In the records below, find the line containing "宣讲结束,剪纸活动正式开始,同学们纷纷拿". Output it and every line after it to the end, unchanged, with no pictures.

[Start of Attachment]

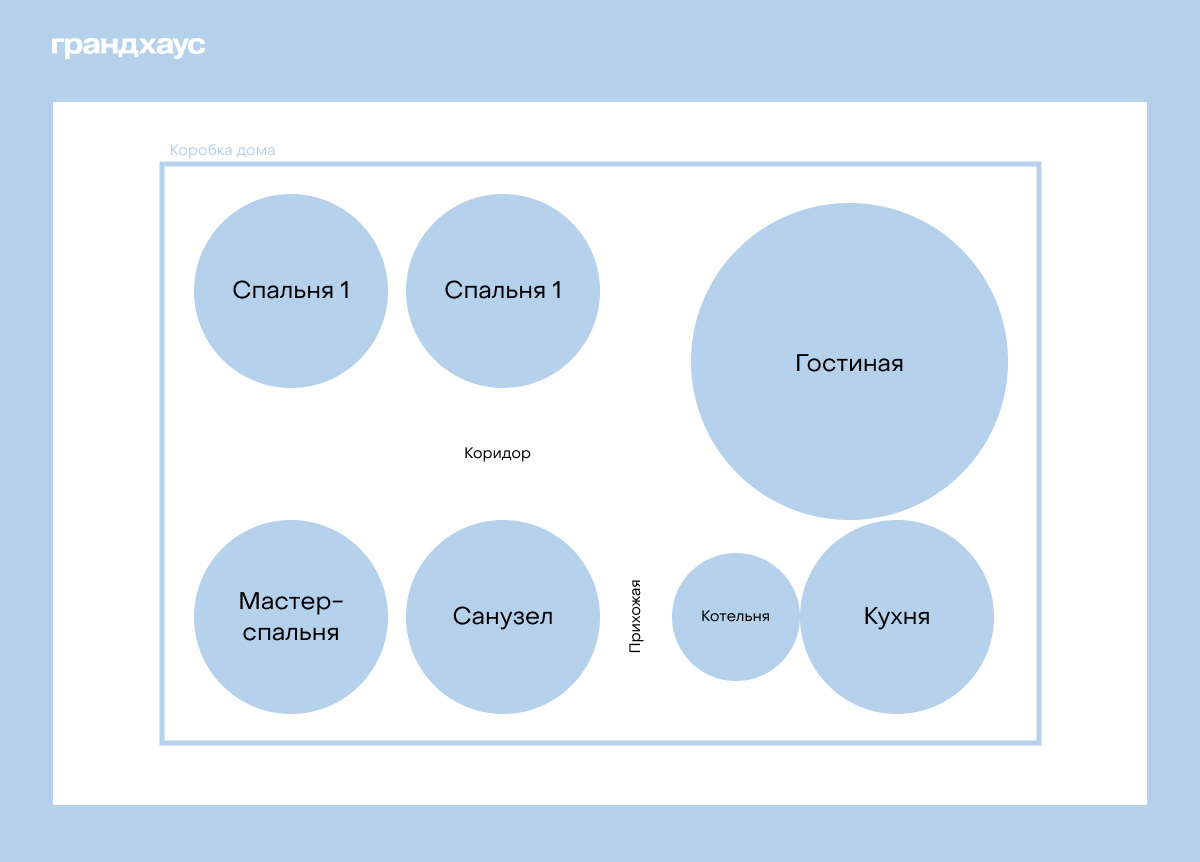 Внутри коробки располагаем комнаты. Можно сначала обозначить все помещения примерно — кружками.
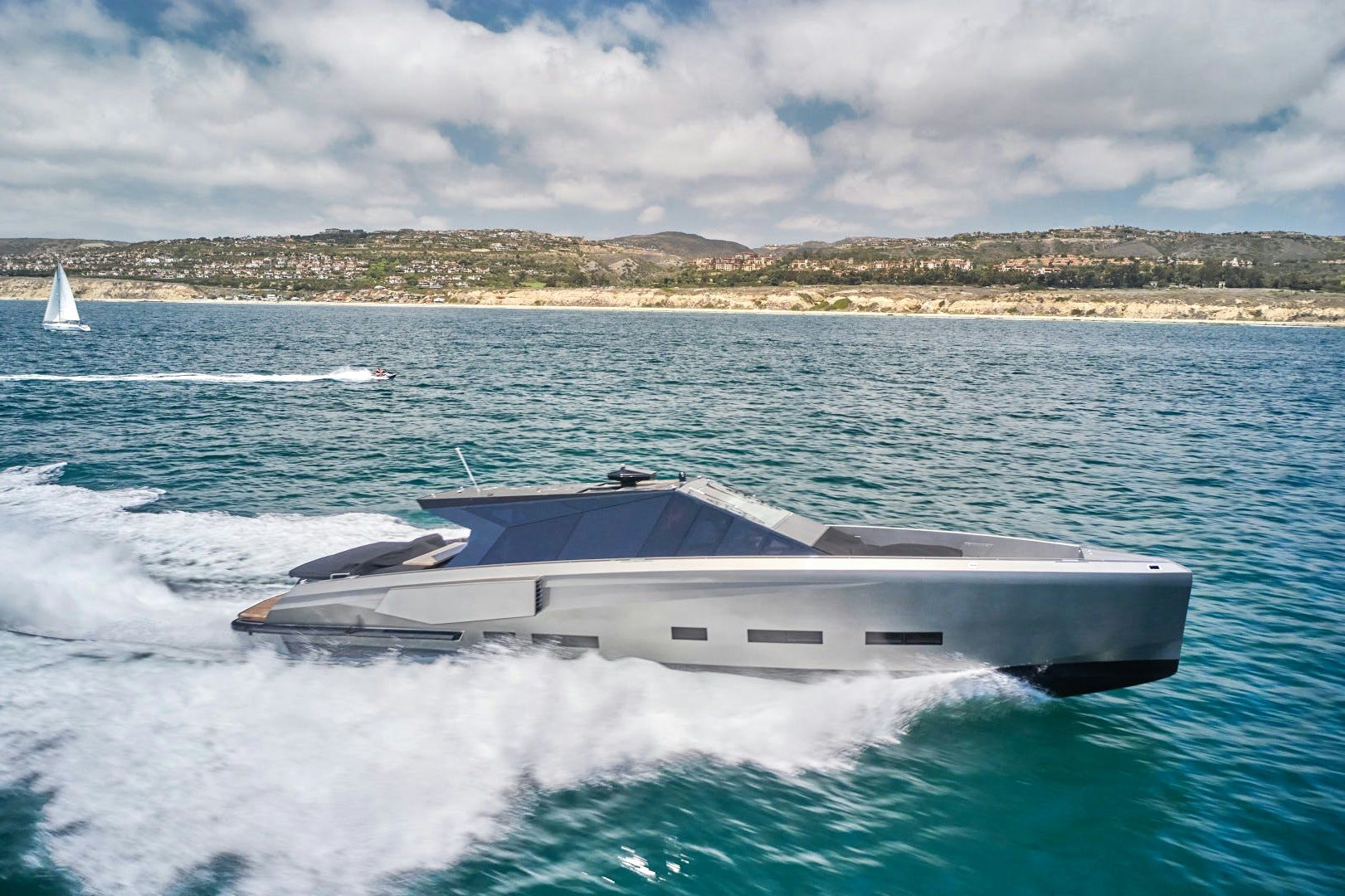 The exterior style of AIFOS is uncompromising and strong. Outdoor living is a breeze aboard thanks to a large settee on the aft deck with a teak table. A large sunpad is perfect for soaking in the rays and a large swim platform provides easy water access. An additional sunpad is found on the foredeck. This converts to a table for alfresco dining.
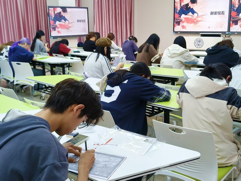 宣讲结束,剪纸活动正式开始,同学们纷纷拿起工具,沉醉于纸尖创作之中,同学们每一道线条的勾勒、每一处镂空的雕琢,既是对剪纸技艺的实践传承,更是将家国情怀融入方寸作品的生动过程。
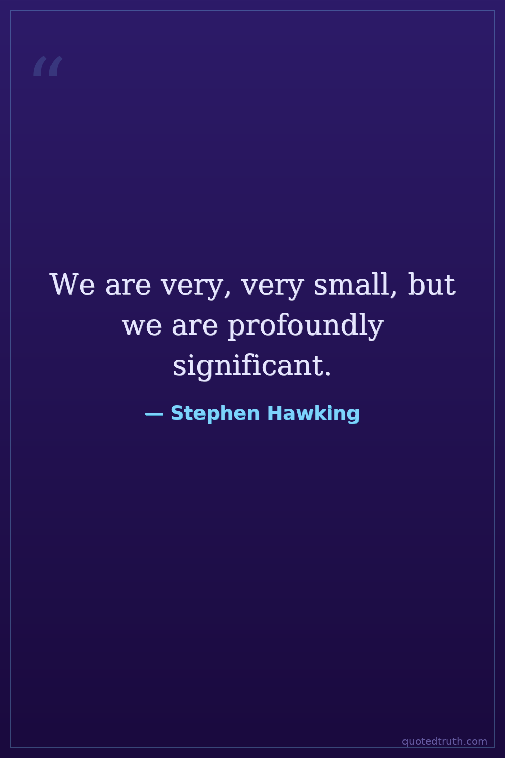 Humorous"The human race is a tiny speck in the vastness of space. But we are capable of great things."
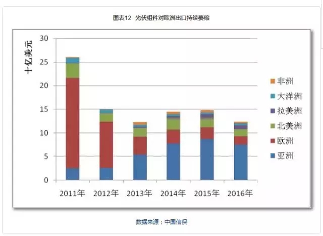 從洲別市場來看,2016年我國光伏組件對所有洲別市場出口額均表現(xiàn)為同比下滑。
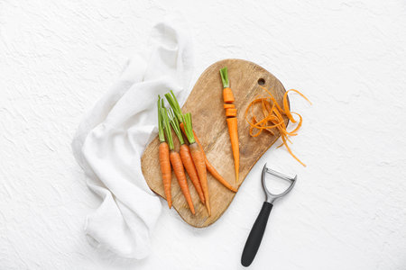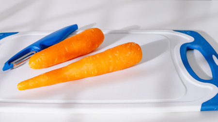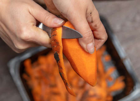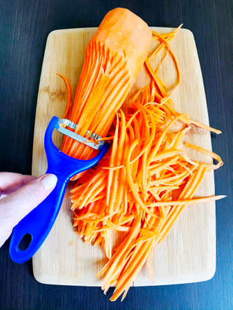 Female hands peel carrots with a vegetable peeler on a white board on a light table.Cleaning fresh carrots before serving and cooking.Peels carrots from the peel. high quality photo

[End of Attachment]

Solution for this task:
 宣讲结束,剪纸活动正式开始,同学们纷纷拿起工具,沉醉于纸尖创作之中,同学们每一道线条的勾勒、每一处镂空的雕琢,既是对剪纸技艺的实践传承,更是将家国情怀融入方寸作品的生动过程。
 Humorous"The human race is a tiny speck in the vastness of space. But we are capable of great things."
 從洲別市場來看,2016年我國光伏組件對所有洲別市場出口額均表現(xiàn)為同比下滑。
 Female hands peel carrots with a vegetable peeler on a white board on a light table.Cleaning fresh carrots before serving and cooking.Peels carrots from the peel. high quality photo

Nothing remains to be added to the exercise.